Trump’s lawsuit alleges the BBC defamed him and violated a Florida law that bars deceptive and unfair trade practices. He is seeking $5 billion in damages for each of the lawsuit’s two counts. The BBC has apologized to Trump, admitted an error of judgment and acknowledged that the edit gave the mistaken impression that he had made a direct call for violent action. But it has said there is no legal basis to sue.
Trump, in his lawsuit filed Monday in Miami federal court, said the BBC despite its apology “has made no showing of actual remorse for its wrongdoing nor meaningful institutional changes to prevent future journalistic abuses.”
The BBC is funded through a mandatory license fee on all TV viewers, which UK lawyers say could make any payout to Trump politically fraught.
A spokesman for Trump’s legal team said in a statement the BBC “has a long pattern of deceiving its audience in coverage of President Trump, all in service of its own leftist political agenda.”
A BBC spokesperson told Reuters earlier on Monday that it had “no further contact from President Trump’s lawyers at this point.

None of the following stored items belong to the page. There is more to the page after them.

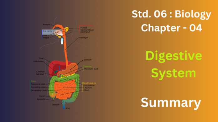 The chapter also likely talks about important helpers called digestive glands: salivary glands (for saliva), the liver (producing bile for fats), and the pancreas (making juices for carbs, fats, and proteins in the small intestine).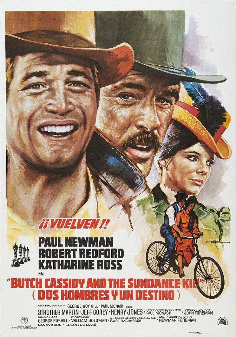 Sinopsis: Un grupo de jóvenes pistoleros se dedica a asaltar los bancos del estado de Wyoming y el tren-correo de la Union Pacific. El jefe de la banda es el carismático Butch Cassidy (Newman), y Sundance Kid (Redford) es su inseparable compañero. Un día, después de un atraco, el grupo se disuelve. Será entonces cuando Butch, Sundance y una joven maestra de Denver (Ross) formen un trío de románticos forajidos que, huyendo de la ley, llegan hasta Bolivia.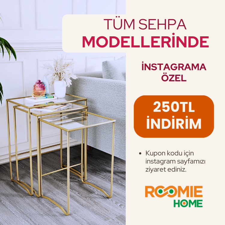 Retro 3 lü Zigon Sehpa, Metal Sehpa, Cam Sehpa, Salon, Yatak Odası, Antre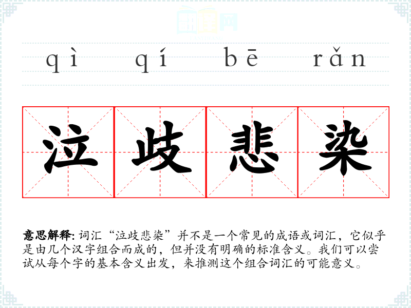 词汇“泣歧悲染”并不是一个常见的成语或词汇,它似乎是由几个汉字组合而成的,但并没有明确的标准含义。我们可以尝试从每个字的基本含义出发,来推测这个组合词汇的可能意义。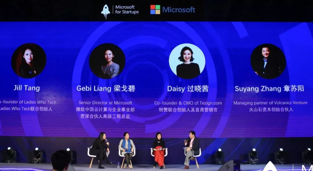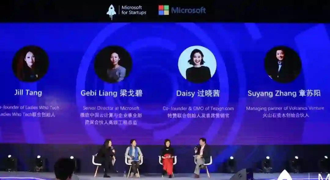 在刚结束的微软加速器·上海 Innovation Day 上, Ladies Who Tech 联合创始人Jill Tang、微软中国云计算与人工智能事业部资深合伙人高级工程总监梁戈碧、特赞联合创始人及首席营销官过晓茜、火山石资本合伙人章苏阳就“她力量——创业中的女性领导力”展开讨论,探讨女性在科技领域或是科技类公司中的影响力。
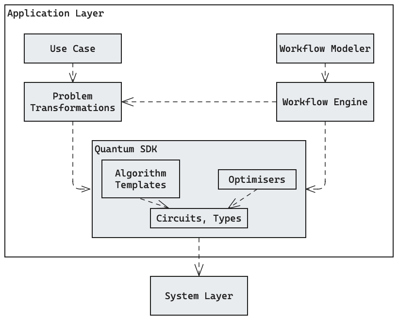 A lot of different software components exist that can be classified as part of the application layer and the above figure presents a rough sketch of their dependencies. Most quantum software that is freely available today makes use of (usually python-based) SDKs to build quantum circuits. Furthermore, many tools exist for transforming various scientific, engineering and commercial problems into quantum formulations, and there exist several tools for configuring these transformations in a low-code manner. Fully developed quantum solutions will likely have to implement a custom component in the long term to interface between existing systems and the quantum software stack.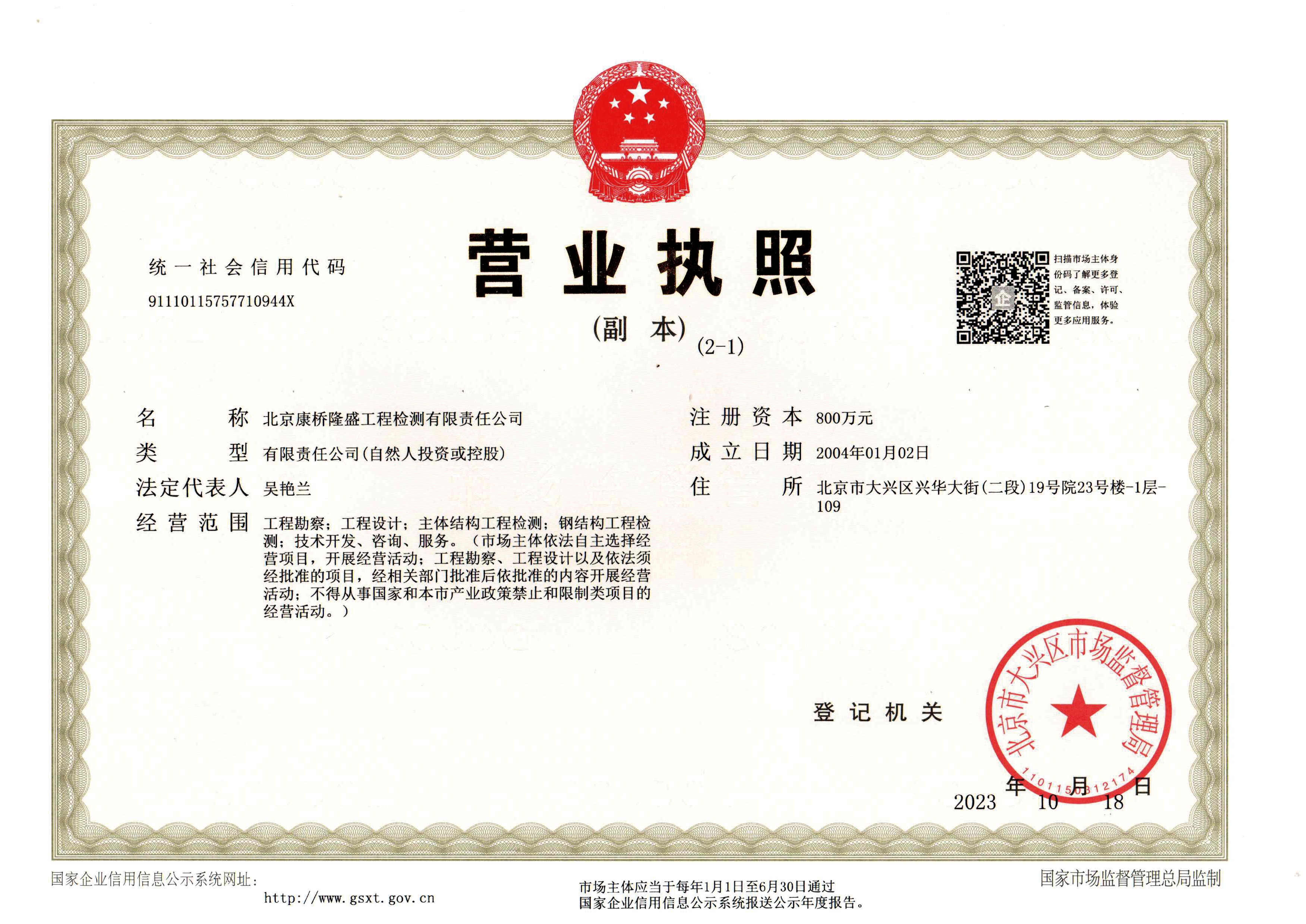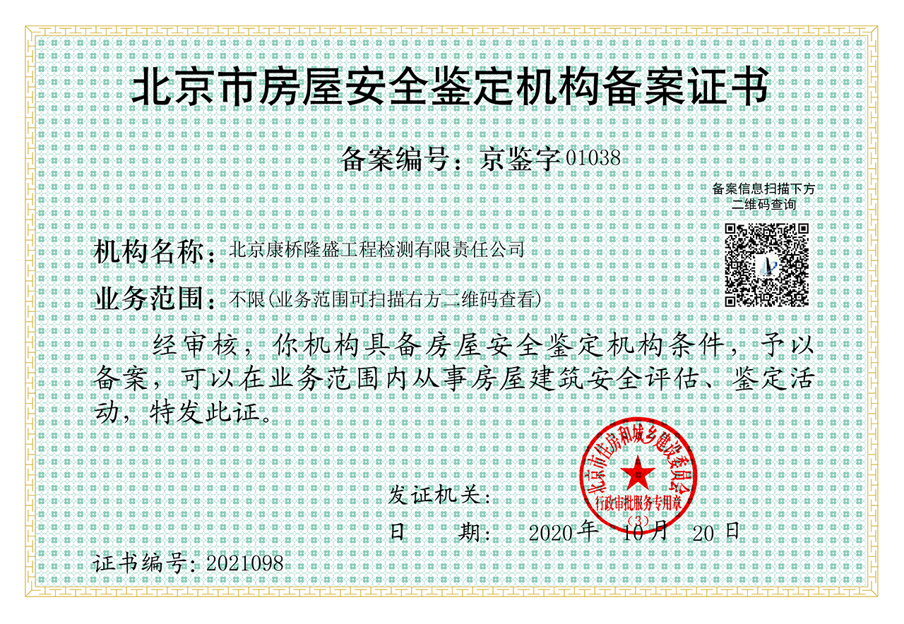 北京市房屋安全鉴定机构备案证书正本(业务范围为不限)

Our position remains the same.” The broadcaster did not immediately respond to a request for comment after the lawsuit was filed.

CRISIS LED TO RESIGNATIONS
Facing one of the biggest crises in its 103-year history, the BBC has said it has no plans to rebroadcast the documentary on any of its platforms.
The dispute over the clip, featured on the BBC’s “Panorama” documentary show shortly before the 2024 presidential election, sparked a public relations crisis for the broadcaster, leading to the resignations of its two most senior officials.
Trump’s lawyers say the BBC caused him overwhelming reputational and financial harm.
The documentary drew scrutiny after the leak of a BBC memo by an external standards adviser that raised concerns about how it was edited, part of a wider investigation of political bias at the publicly funded broadcaster.
The documentary was not broadcast in the United States.
Trump may have sued in the US because defamation claims in Britain must be brought within a year of publication, a window that has closed for the “Panorama” episode.
To overcome the US Constitution’s legal protections for free speech and the press, Trump will need to prove not only that the edit was false and defamatory but also that the BBC knowingly misled viewers or acted recklessly.
The broadcaster could argue that the documentary was substantially true and its editing decisions did not create a false impression, legal experts said. It could also claim the program did not damage Trump’s reputation.
Other media have settled with Trump, including CBS and ABC when Trump sued them following his comeback win in the November 2024 election.
Trump has filed lawsuits against the New York Times, the Wall Street Journal and a newspaper in Iowa, all three of which have denied wrongdoing. The attack on the US Capitol in January 2021 was aimed at blocking Congress from certifying Joe Biden’s presidential win over Trump in the 2020 US election.